Here, the use of histoflow cytometry is described, a technique that has been validated previously18. It is demonstrated that when staining tissue sections with spectrally overlapping dyes, that bleed-through across channels can be removed using spectral compensation, resulting in a greater number of fluorescent parameters being clearly resolved than would normally be possible through conventional methods. As high-parameter histology images are difficult to analyze using conventional methods, an analysis pipeline is provided to segment individual cells from these images. By exporting the fluorescent signatures from these individual cells, it is demonstrated that single-cell analyses like those conducted in flow cytometry can similarly be applied to histology images. Whereas flow cytometry does not include spatial analysis, it is demonstrated that histoflow cytometry can map populations identified by gating strategies back onto tissue sections to evaluate their spatial localization. Overall, it is demonstrated that histoflow cytometry combines the strengths of flow cytometry and histology.

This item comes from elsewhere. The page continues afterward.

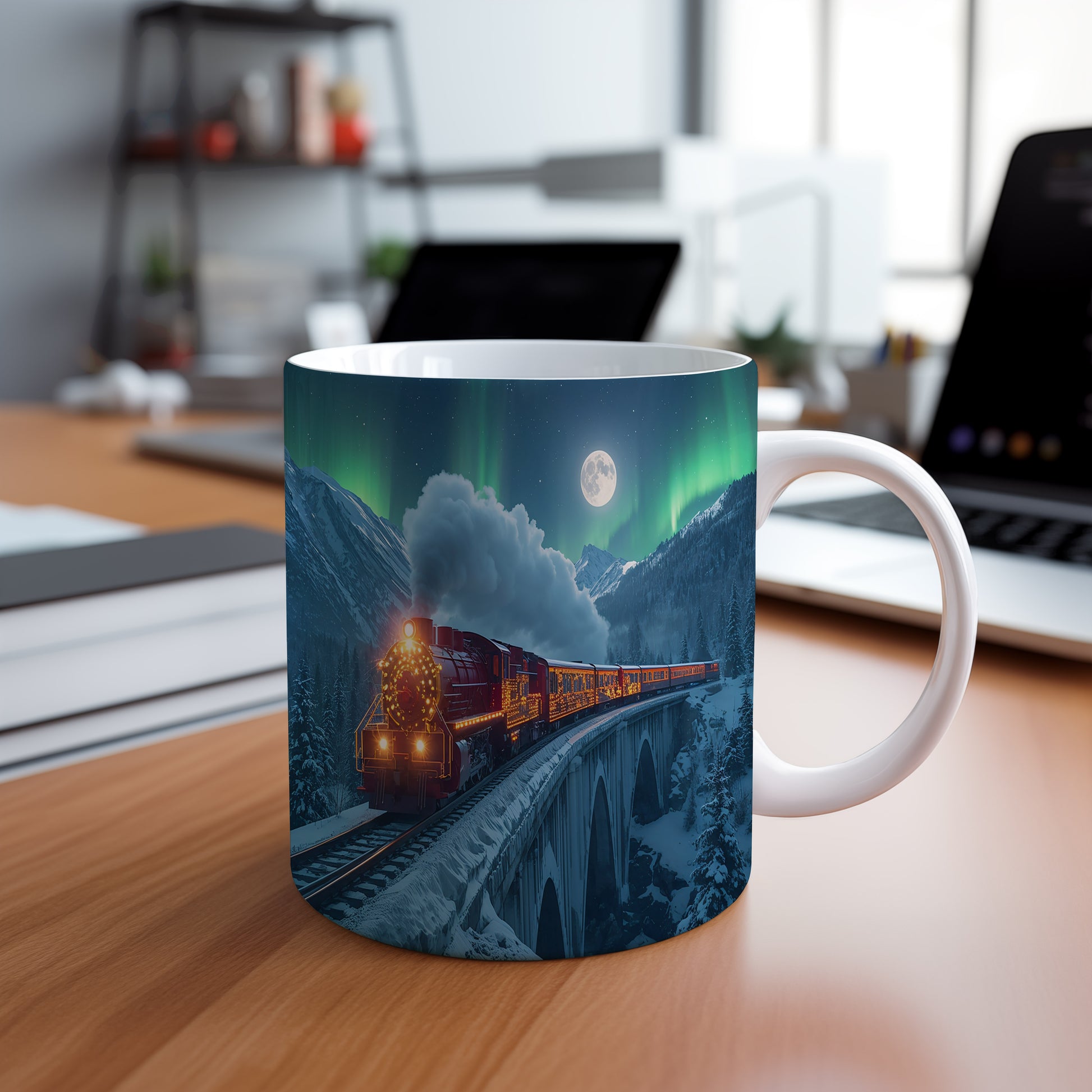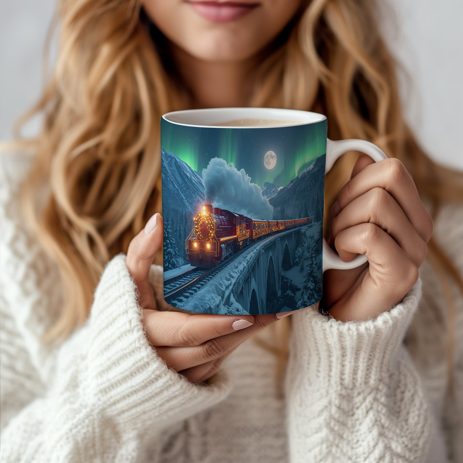 Tmavě modrá noc s polární září a měsícem vytváří kouzelnou atmosféru. Parní lokomotiva osvětlená světýlky projíždí zasněženou krajinou. Hrnek 330ml – vhodný do myčky i mikrovlnky.

While histoflow cytometry has the benefit of retaining spatial information, it also has many of the same limitations that conventional histology has. While flow cytometry is great for quantifying cells across an entire tissue, histology is typically conducted by analyzing a small sample of tissue sections that are taken to be representative of the tissue. For histology to accurately quantify the number of cells in a tissue, one would need to image every tissue slice taken from the tissue and quantify the number of cells in each, which would be impractical. Another issue is that some cells will be split in half during the sectioning of the tissue, and there is no way to reconstruct these cells. Indeed, a limitation of the protocol listed here is that it does not include any methods to exclude cells at the edges of the tissue. Despite these limitations, one advantage histoflow cytometry has over flow cytometry is that there is no need to dissociate tissues into single-cell suspensions, which can introduce biases into the populations that are isolated or are inadequately captured22. Thus, while histoflow cytometry has several advantages over conventional flow cytometry, obtaining measurements across the entire tissue will continue to be a challenge.

Here, it is demonstrated that eight spectrally overlapping fluorescent parameters can be separated; however, others have successfully separated 13 fluorescent dyes17. The number of dyes that can be separated is dependent on the properties of the microscope in which the data is collected. Fluorescent dyes differ regarding their optimal excitation wavelengths and in their most common emission wavelengths. Microscopes that make use of these properties by using a wide range of excitation wavelengths to more precisely match the optimal excitation wavelengths of fluorophores and by tuning the emission detectors to precisely match the most frequently emitted wavelengths will maximize the separation of fluorescent dyes. Minimizing spectral overlap is essential for generating high-quality data as compensating for bleed-through across channels can potentially affect the dynamic range of detection of the fluorophores interacting with one another, and thus, separation based on emission and excitation is a critical first step in separating fluorophores. Depending on the properties of your microscope and the number of fluorescent parameters that need to be imaged, it may be required to put multiple fluorophores that share the same excitation wavelengths but differ in their emission wavelengths on the same laser lines. This is typically achieved by using base fluorescent dyes in combination with conjugated fluorescent dyes, where the conjugated dyes emit at longer wavelengths and thus can be distinguished based on their emission wavelengths. Overall, dyes must be distinguished either by their excitation or emission frequencies for effective separation.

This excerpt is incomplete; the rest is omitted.